I am a pediatric cardiologist and have cared for children with heart disease for the past three decades. In addition, I have an educational background in business and finance as well as healthcare administration and global health – I gained a Masters Degree in Public Health from UCLA and taught Global Health there after I completed the program.
“The measure of intelligence is the ability to change.”
This timely and noteworthy Research Letter from JAMA delineates the accuracy of a generative artificial intelligence model (GPT-4) in complex diagnostic challenges (vs standardized medical examinations). Even though the generative AI models have performed well in a battery of tests, including the USMLE (United States Medical Licensing Examination), the day-to-day clinics or emergency room sessions are full of cases that are not the classic cases found in the standardized tests.
For this study, the source of the challenges are the 2023 clinico-pathologic conferences from the New England Journal of Medicine, of which a few cases are used to develop a standard chat prompt. The instructions are for the AI model to provide a differential diagnosis ranked by probability. For the study, the cases that were published between January 2021 to December of 2022 were used. Each case was run in independent chats. The outcome to be measured is how the model’s top diagnosis matched the final case diagnosis from NEJM; in addition, a secondary outcome is whether the final case diagnosis is among the model’s list of differential diagnoses. A composite 5-point rating system is used based on accuracy and usefulness of the model’s list. Even though only a few raters were used, a Cohen’s kappa was used to measure the agreement between two raters.
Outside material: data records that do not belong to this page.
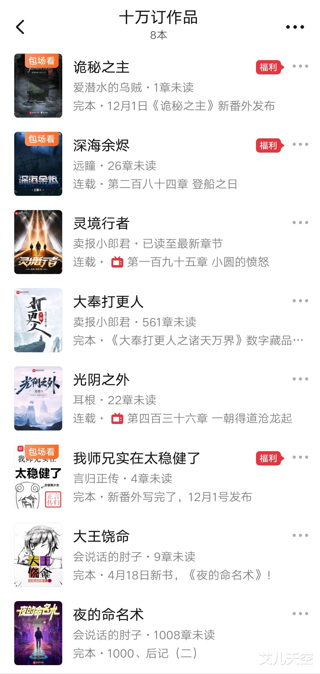 而除了这些,有些完结多年的老作品指不定哪天也可能就破了十万订。比如耳根今年九月底的时候说《一念永恒》九万订,未来磨到十万,也不是没希望,更不要说《斗破苍穹》那些有动画加持的作品了。
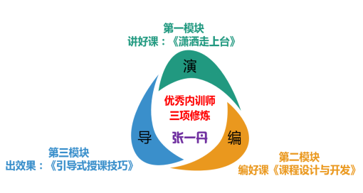 課程設計思路: 該課程設計了三項培訓師的核心技能:演好課、編好課、出效果! 技能一:“演”——講好課 技能二:“編”——編好課 技能三:“導”——出效果
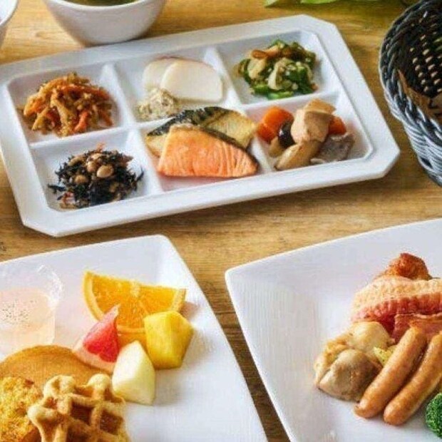 洋食メニューには、風味豊かな「チキンの香草焼き」をはじめ、バリエーション豊かな卵料理にフレンチトースト、焼きたてパンも用意。和食メニューには、十五穀米、焼き魚や肉じゃがのほか、玉子焼きや佃煮など優しい味わいのお惣菜各種がラインナップ。フルーツやサラダ、ヨーグルトといったヘルシーメニューも充実しているのもうれしい。

The results showed that AI model’s top diagnosis agreed with the final case diagnosis in 27/70 (39%) of cases while in 45/70 (64%) cases, the AI model included the final diagnosis in its differential diagnosis. Of note, in only 4/70 cases did the AI model fail to have the final case diagnosis in its differential diagnosis at all (“complete miss”). It would have been fascinating to see how clinicians would have done in this intellectual exercise. Overall, generative AI is a promising and necessary adjunct to clinician cognition now and into the future.
To read the full article, click here.
This fascinating topic of generative AI along with others will be discussed at the annual Ai-Med Global Summit, scheduled for May 29-31 2024 in Orlando. Book your place now!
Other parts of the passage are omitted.